DATASET SECTION
+++

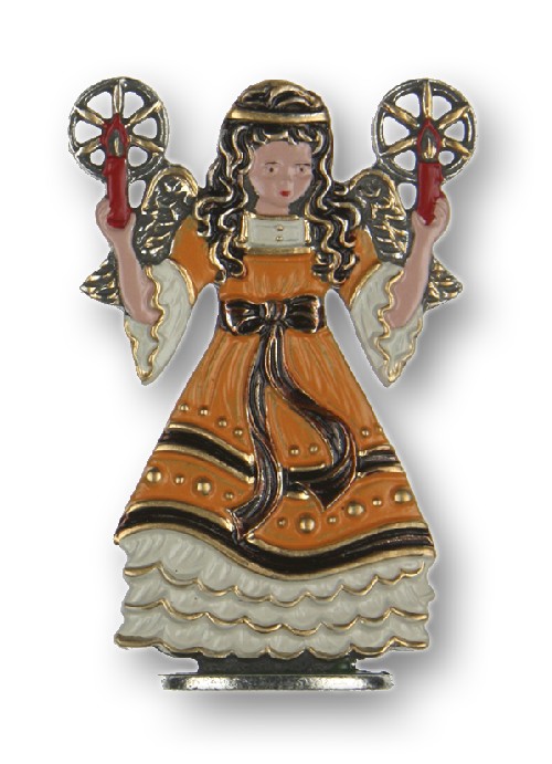Zinnfigur Engel gelb mit 2 Kerzen zum Stellen doppelseitig, H: 7,5 cm
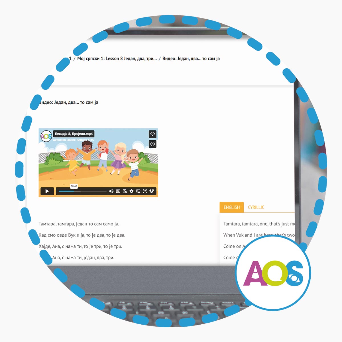 AOS regularni za mlade A1.1 program namenjen je deci i mladima, apsolutnim početnicima u učenju srpskog. Kurs AOS A1.1 obuhvata reči i izraze vezane za teme: upoznavanje, porodica, soba, najbolji drug, rođendan itd.
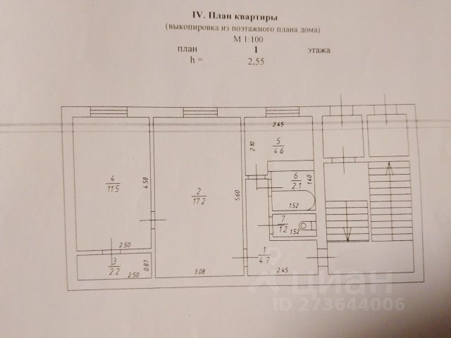 - Квартира располагается на 3 - м этаже 4 - х этажного кирпичного дома 1961 года постройки ( высокий 1-ый этаж );

+++

THE TASK
Reproduce the material above from its first line through the line containing "AOS regularni za", both ends included, and skip every picture.

EXPECTED ANSWER
Zinnfigur Engel gelb mit 2 Kerzen zum Stellen doppelseitig, H: 7,5 cm
 AOS regularni za mlade A1.1 program namenjen je deci i mladima, apsolutnim početnicima u učenju srpskog. Kurs AOS A1.1 obuhvata reči i izraze vezane za teme: upoznavanje, porodica, soba, najbolji drug, rođendan itd.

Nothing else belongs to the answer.